Taiwan Semiconductor Manufacturing (TSM) is the largest dedicated integrated circuit foundry, and analysts expect earnings to grow more than 18% this year and Taiwan has asked TSMC to prioritize meeting auto chip demand. Advanced Micro Devices is also positioned to capitalize on the tech boom, with customers like Microsoft and Google relying on them for gadget components. NVIDIA and Ambarella round out the group, manufacturing high-quality graphics processing units (GPUs) and systems on a chip (SoCs) that are necessary for modern gaming and AI applications.
With a surge in demand for electric vehicles and gadget sales still growing, these four stocks could be the best way to play the 2021 chip shortage.
🛠 The Fix
With existing manufacturing running at capacity but building factories more is not a simple matter. It takes about 18 to 24 months for a plant to open after they break ground, and even once you've built one, you have to tune it and get the yield up, which also takes a bit of time.
This might also be an opportunity to diversify our chip manufacturing.
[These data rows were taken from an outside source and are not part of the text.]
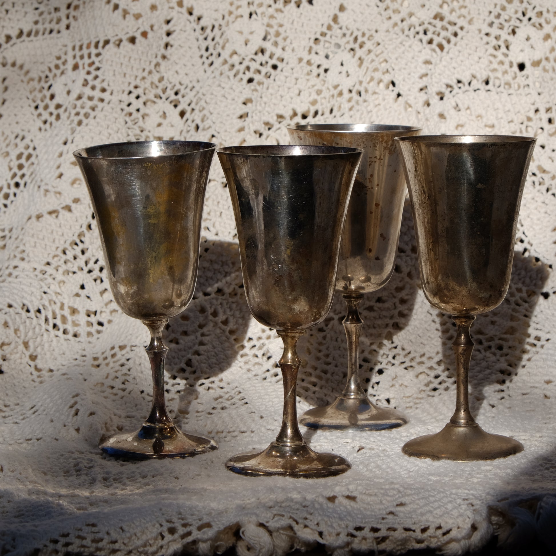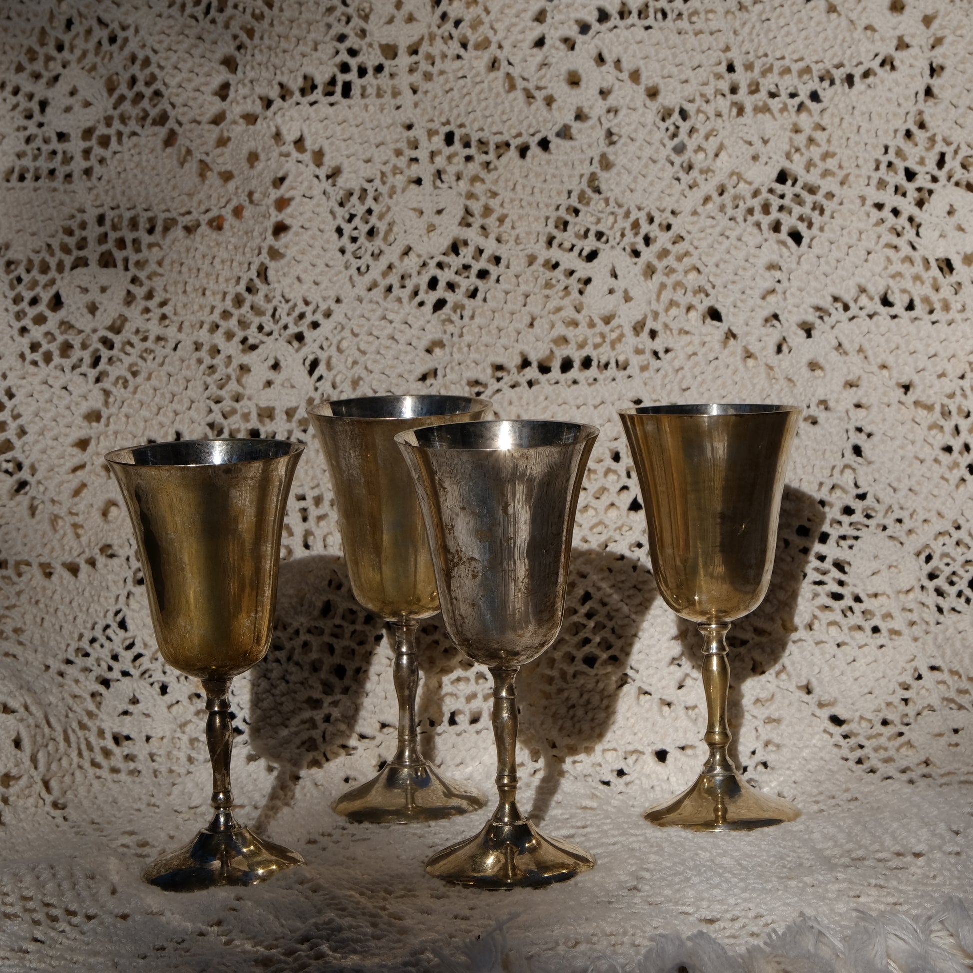 Bring a sense of history to your next gathering. Standing 7 inches tall, these elegant silver-plated goblets feature a classic tapered bowl and a delicately turned stem. Their unique aged patina adds a layer of vintage character that modern barware simply can’t replicate. Perfect for a moody candlelit dinner or as a standout addition to a curated bar cart.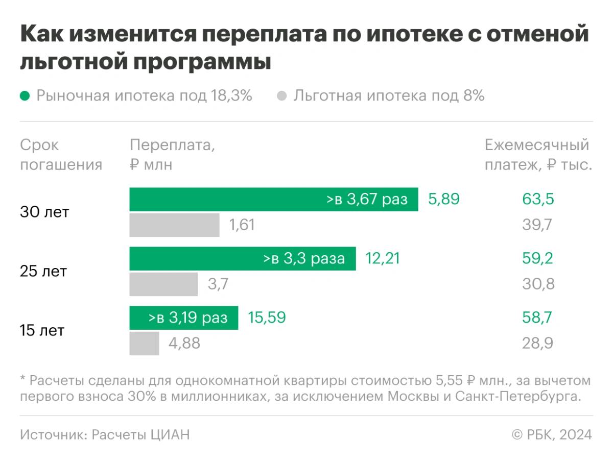 — Аналитики ЦИАН рассчитали, что переплата за квартиру при отмене льготной ипотеки вырастет: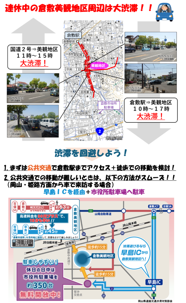 ▶秘訣(2)(岡山・姫路方面から来訪される方向け)車移動の場合、早島ICで降車+市役所駐車場を利用する「スイスイ移動」

Economists estimate two Asian nations, Taiwan and South Korea, account for 83% of global production of processor chips and 70% of memory chips. Like Opec was for oil, Taiwan and South Korea are near monopoly producers of chips, and left unchecked, their market share is set to grow further.
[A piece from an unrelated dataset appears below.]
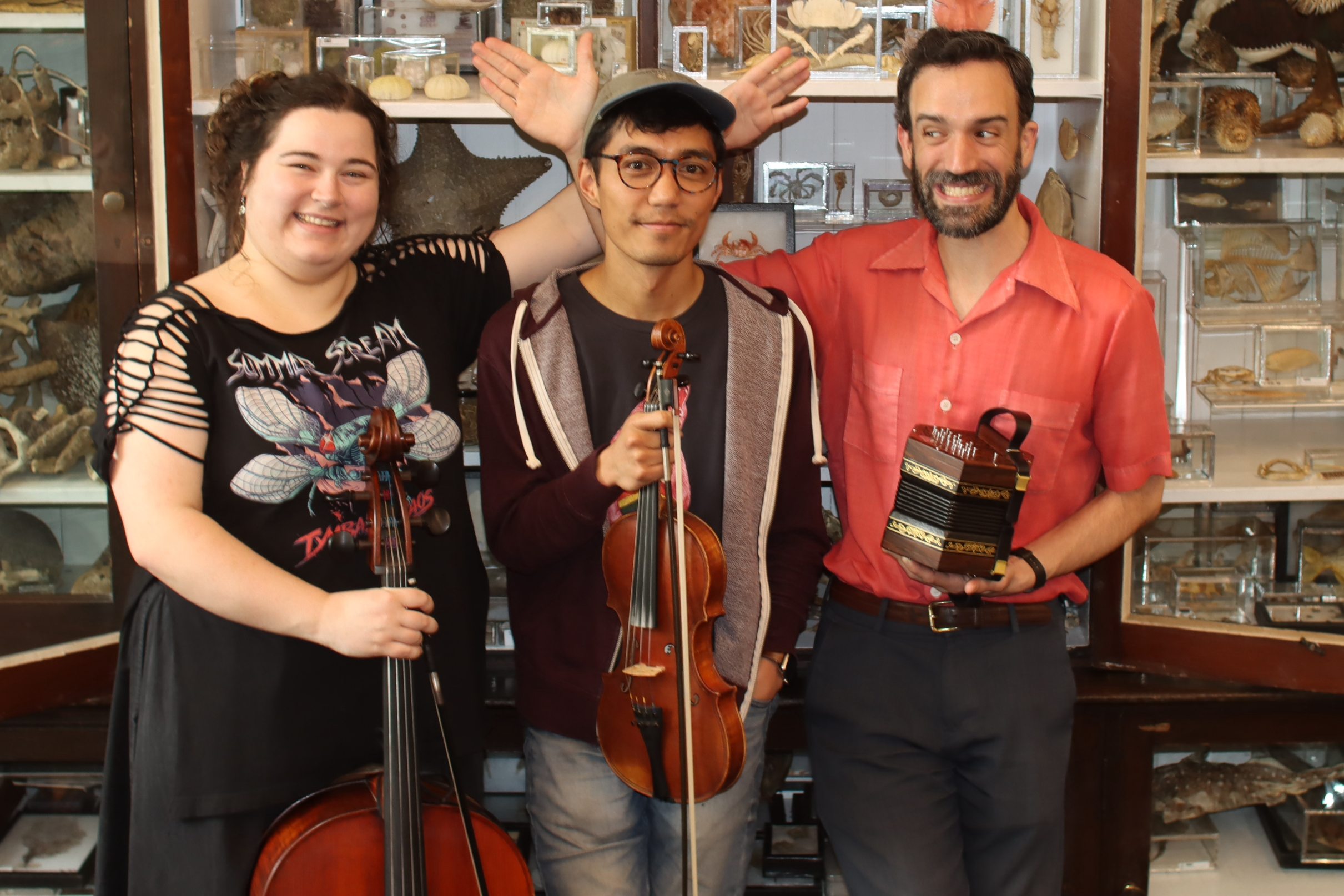 THE VOX HUNTERS – Armand Aromin, Benedict Gagliardi, and Flannery Brown – are musical symbionts that sprouted from a mutual loam. Soon after, they began to hum in sympathy, eventually buzz in synchrony, and now whomp with full-lunged abandon. Like a lively fungus on the branches of tradition, they nourish themselves on its ancient heartwood and burgeoning boughs-to-be. They are the Pope’s frown, a wagon of porcupines, that cup of tea next to the worm bin. They sing for you and each other. As for the birds? Especially so.

This has raised concern in the States, where one lobby group calling the current crisis the "canary in the coal mine" for future supply-line shortages. And a group of 15 senators have written to President Biden urging him to take action to "incentivize the domestic production of semiconductors in the future".
Word of the Day
(n) A manufacturing method where the production process only begins when a customer places an order, and inventory stock is only delivered as-needed.
Companies use this strategy to increase efficiency and decrease waste by receiving goods only as they need them for the production process, saving on inventory costs. However, this method requires producers to forecast demand and supply very accurately.